GOAL OF THE EXERCISE:
Line by line, repeat the material below exactly and skip the images.
----- DATA BLOCK
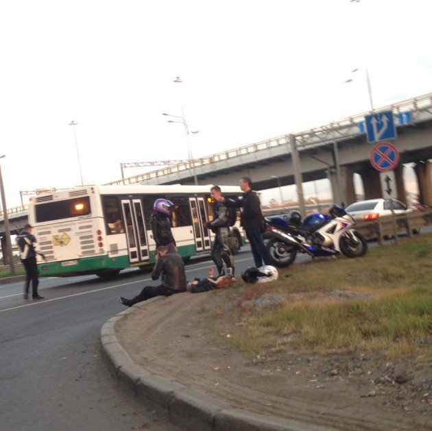 ДТП. С участием мотоцикла. Пулковское шоссе, в сторону Пушкина. Перед заездом в Ленту. Пробка начинает скапливаться. За фото извиняюсь.
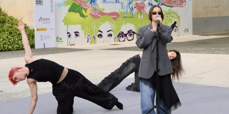 La entrada de las piscinas de Mendizorrotza se convirtió, este jueves, en un espacio de artes plásticas, música y danza, en el marco de una iniciativa organizada por las oficinas del futuro. Este proyecto busca coordinar e integrar todas las estrategias para construir el futuro de la ciudad en torno a la Agenda Urbana 2030.
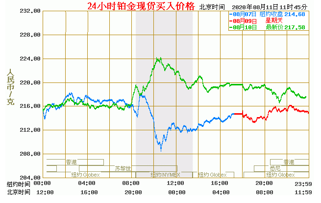 铂金价格走势图今日最新铂金行情(2020年8月11日) 今日最新铂金行情:217.58 备注:以上铜价格仅供参考,请以官方价格为准。
----------
RESULT OF THIS TASK:
 ДТП. С участием мотоцикла. Пулковское шоссе, в сторону Пушкина. Перед заездом в Ленту. Пробка начинает скапливаться. За фото извиняюсь.
 La entrada de las piscinas de Mendizorrotza se convirtió, este jueves, en un espacio de artes plásticas, música y danza, en el marco de una iniciativa organizada por las oficinas del futuro. Este proyecto busca coordinar e integrar todas las estrategias para construir el futuro de la ciudad en torno a la Agenda Urbana 2030.
 铂金价格走势图今日最新铂金行情(2020年8月11日) 今日最新铂金行情:217.58 备注:以上铜价格仅供参考,请以官方价格为准。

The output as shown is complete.